The guards outside stood quiet and unmoving in black hoods and robes that masked them completely, down to the gloves upon their hands. Before them, on a table, stood a sandglass carefully measured to give precisely one hour. As the last grains ran through it, two of them turned, unlocking the door with mechanical precision. Stepping inside, they regarded the old man who knelt on the hard stone floor, hands clasped in prayer before the crude altar. There was nothing else in the room, of course. There had perhaps been something else once, but they had forgotten. As they stood there, the old man slowly rose and turned to face them, holding up his hands.

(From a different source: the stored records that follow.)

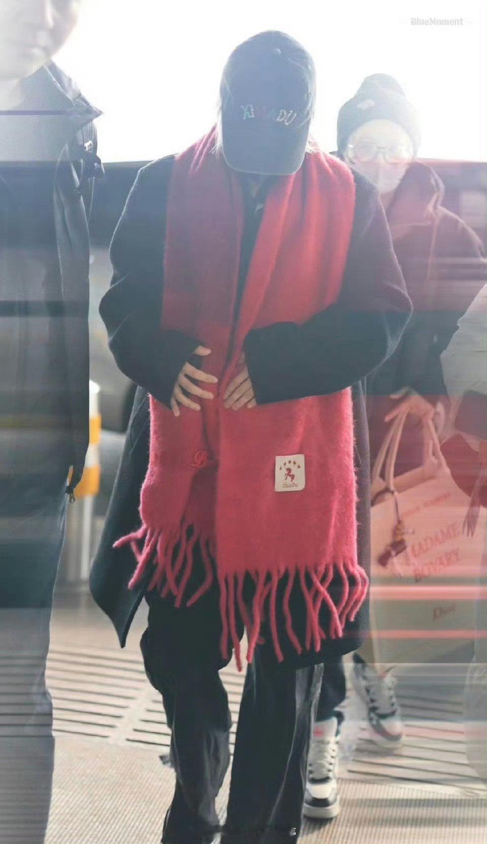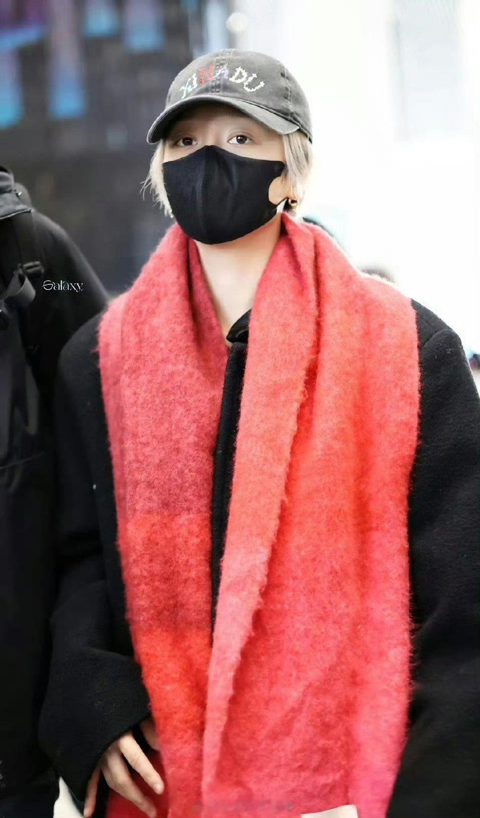 刘雨昕出发央视晚会录制路透,这个引人注目的大红围巾太喜庆了
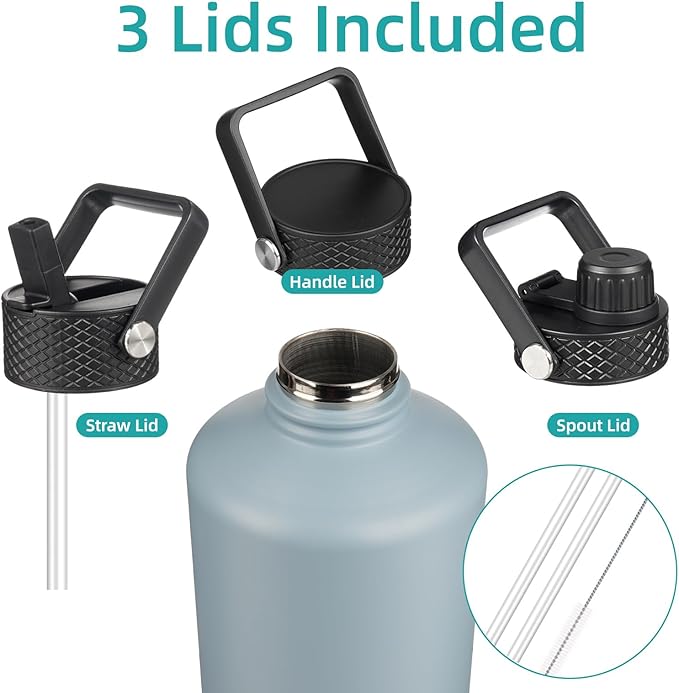 • The water bottle comes with 3 lids for different beverages, a sip lid for hot drinks, a straw lid for iced beverages, a flex-removable lid(2 different handle lids ship at random) for smoothies or fruit drinks. All lids are BPA-free, leak-proof, and dust-proof, catering to your need
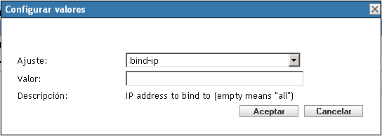 Valor: si el valor de configuración seleccionado requiere valores específicos, seleccione el valor que desee en la lista desplegable. Si el valor de configuración seleccionado no requiere valores específicos, escriba el valor en el recuadro Valor.
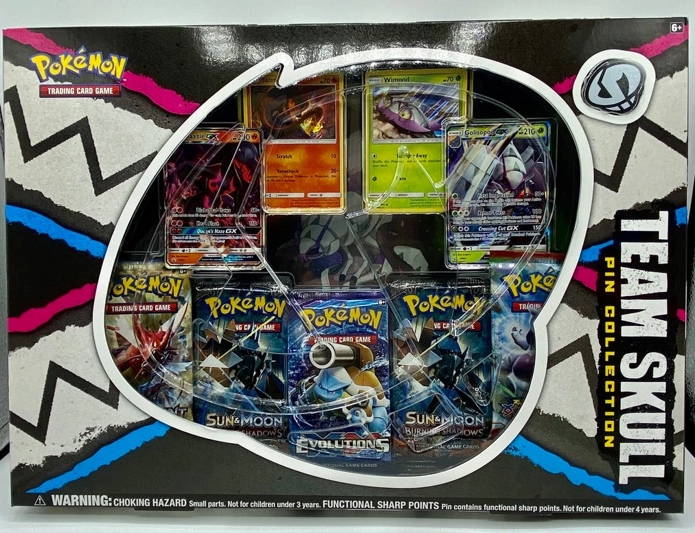 Team skull brings the beat down! The nasty crew of team skull brings poisonous heat with Salazzle-GX and double-tough cross cuts with Golisopod-GX! You get both as never-before-seen foil promo cards, plus two foil cards featuring salandit and Wimpod, and an awesome team skull logo pin.
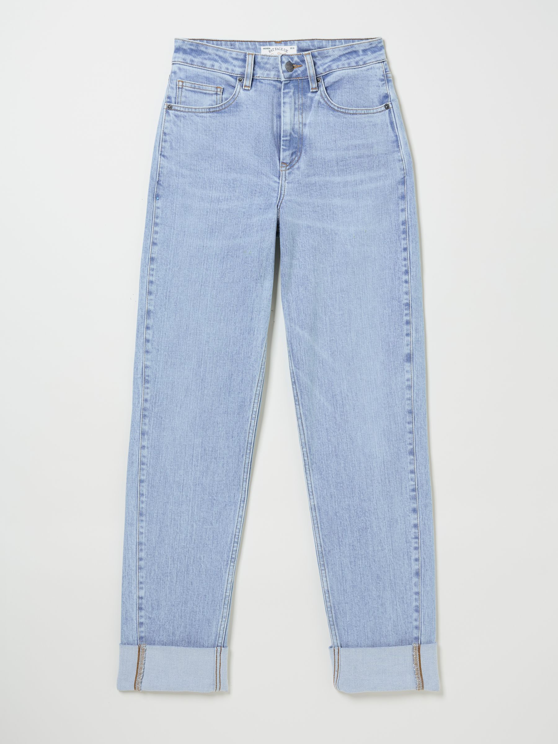Raya Light Blue Denim Wide Leg Turn Up Jeans
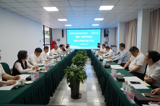 校党委书记刘树根致辞,向省住房和城乡建设厅领导一行表示欢迎,并向来宾简要介绍了学校的历史沿革、教学科研、学科建设等方面的基本情况。他表示,学校已经先期开展了消防工程专业人才培养和科学研究的探索,建立了涵盖本硕博的多层次人才培养体系。未来,将集合学校的优势资源,全力推进合作,把学科、人才和创新优势,与省住房和城乡建设厅的信息、技术、平台等优势有机结合、深度融合,进一步加强消防工程人才培养、科学研究、学科建设及社会服务工作,合力破解建设工程消防领域人才资源匮乏、技术支撑体系薄弱等问题,全面促进建设工程消防安全管理提质增效,为筑牢四川住建领域消防安全防线作出新的贡献。
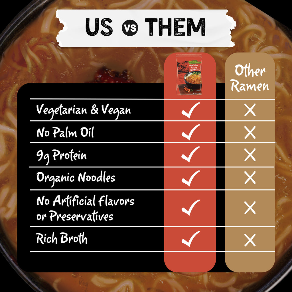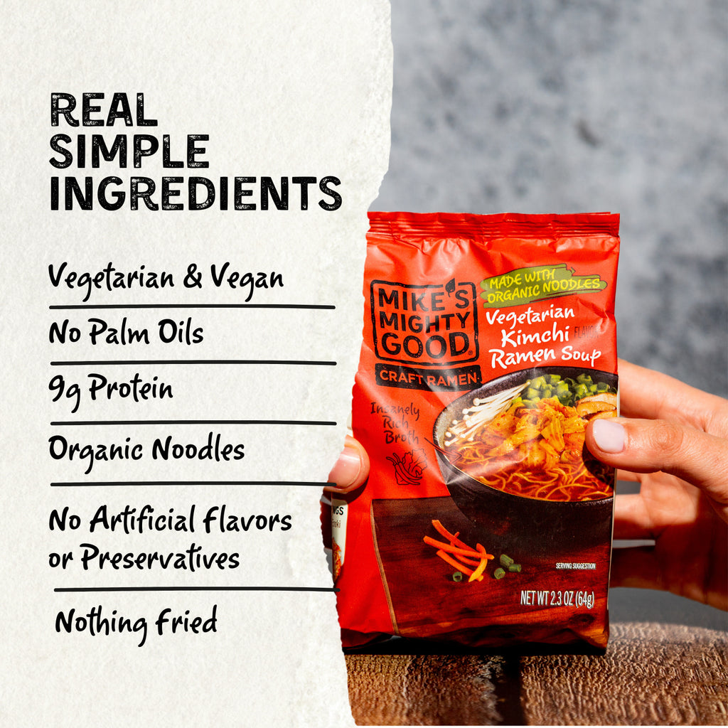 Read moreMike's Mighty Good has the recipe for your ultimate comfort food. This vegetarian & vegan kimchi ramen noodle soup is ready in minutes and made with rich-tasting broth, no palm oils, organic scratch-made noodles, 9g protein, and way less sodium than conventional ramen. No artificial ingredients. No artificial preservatives. It's made in the USA with the use of solar power.
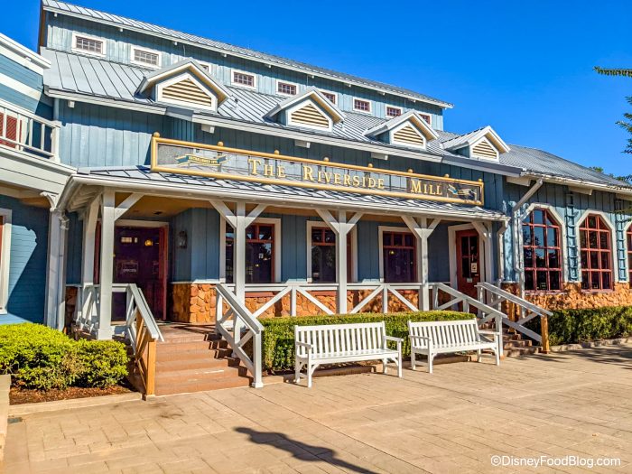 Riverside Mill Food Court features Counter Service classics like burgers, pizza, and pasta alongside a few Southern-inspired dishes, all with a view of a 32-foot water wheel through the window.

“I am afraid that I have lost my manacles again, for which I apologize. Perhaps they can wait until tomorrow? I am tired now, and I would like to return to my cell to sleep.”

Perhaps he was not as old as he had been. As he walked through the halls with them, it seemed there was vigor in his step once more, and a light in his clear eyes that had not been there. The guards did not speak of these things. They forgot, as they had been paid to do.

On a hill, in the dark of the night, sat the Prison. Around it, the city was also busy forgetting, and some miles away, Don Vazquez sat looking silently into the night. The air was cold, he told himself, and that was why he shivered.